For those who do not know, I am a PhD Candidate in Applied Economics at the University of Antwerp, so trying to understand the state of the art regarding Benefit-Cost Analysis is important to my research work. (I joined the Society for Benefit Cost Analysis last year.)
The Society for Benefit-Cost Analysis held their annual meeting in Washington, DC last week. There were some great presentations, (although I missed quite a few because of overlapping panels), but I did find James Scouras‘ presentation titled “Analytical Challenges Surrounding Analyses of Nuclear War”, very engaging.
I made a presentation on my PhD work Thursday afternoon, Session 3G, “Transportation on Waterways: Keeping Afloat using BCA”. Our Discussant, Joe Devlin, said the session should have been called “Big boats are fickle, fragile, and frustrated”.
My other panelists presented some very interesting work. Tim Skeel discussed how he proposed changing bridge closures in Seattle based on the value of time and normalized shipping activity. (The study examined how to change operations on a bridge built in 1910 for today’s traffic conditions.) He did a very through job on showing how these changes would benefit Seattle commuters, but the Coast Guard was not interested in changing their bridge hours. Tim was followed by Douglas Scheffler, U.S. Coast Guard, on estimating the safety benefits of deploying the Physical Oceanic Real Time System, PORTS. Doug’s presentation showed how to evaluate physical deployment of monitoring systems to assist the maritime community. Oftentimes, safety becomes “assumed away”, as how does one count for what may or may not happen.

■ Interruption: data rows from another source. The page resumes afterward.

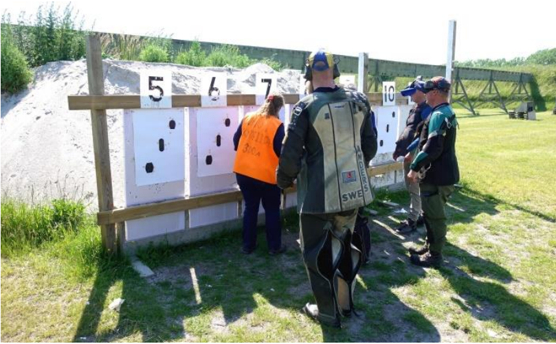
På 300 m banen var der oprettet en improviseret 100 m målgruppe.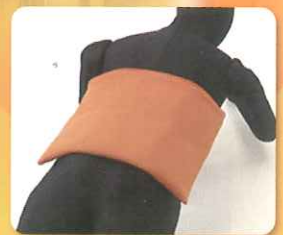
スタンダードタイプ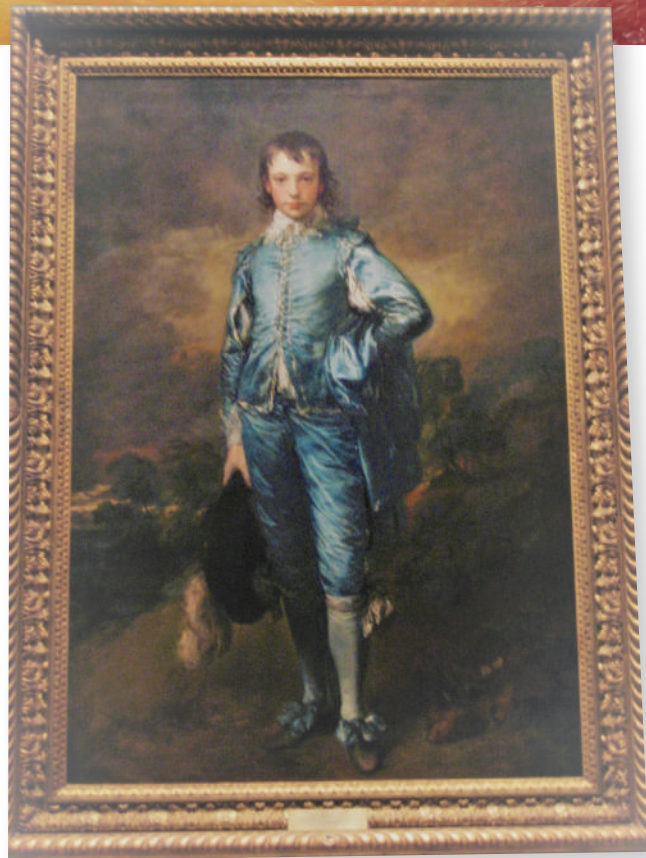
杭廷頓館藏美術作品“ The Blue Boy ”。

去到中國館，順便也遊覽了流芳園。進入展場，發現展品精緻而多樣，譬如翁同龢的「虎」字書法，以直立式玻璃櫃的方式吊掛，觀眾可以貼近玻璃去看個仔細，果真像隻大老虎匍伏於地，氣勢渾圓。而王翬的「長江萬里圖」則以平台式陳列，由右自左巡禮，有如搭乘遊船，飽覽長江風情。來美國卻看了中國書畫展，也算是意外的收穫。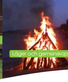
Läger och gemenskap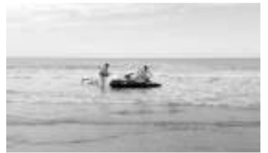
Axel Malvar se perdió en el mar. - DIB -

My presentation and PhD largely centers around the question of managing investment risk in ports for large infrastructure projects. The topic has interested me for years, as evident by many of my presentations over the years. The discussion could be summed up by the slide, where the horizontal is the public sector space and the vertical is the private sector.
Ports need different types of infrastructure investment
There are public and private sector actors involved in port projects
Port Capacity dictates a ports competitive advantage, so growth remains the perpetual goal
Sensitively in the forecast provides some risks to the infrastructure owner
The Port Prioritization Program in Louisiana
My Research Methodology (factor analysis and Monte Carlo Simulations)
After the presentations were finished, Joe Devlin and Henrik Andersson, chair, led a very engaged back and forth between the panelists and the audience. So, thanks to those people who attended the session and engaged in a great dialogue!
There was quite a lot of discussion on this chart from the European Union regarding Cost Benefit Analysis.
I am looking forward to submitting an update on this work next year (although presenting at the Society for Benefit Cost Analysis European Conference sounds interesting…)
So, over the next few months I will begin getting more into the data/analysis as I work on my PhD!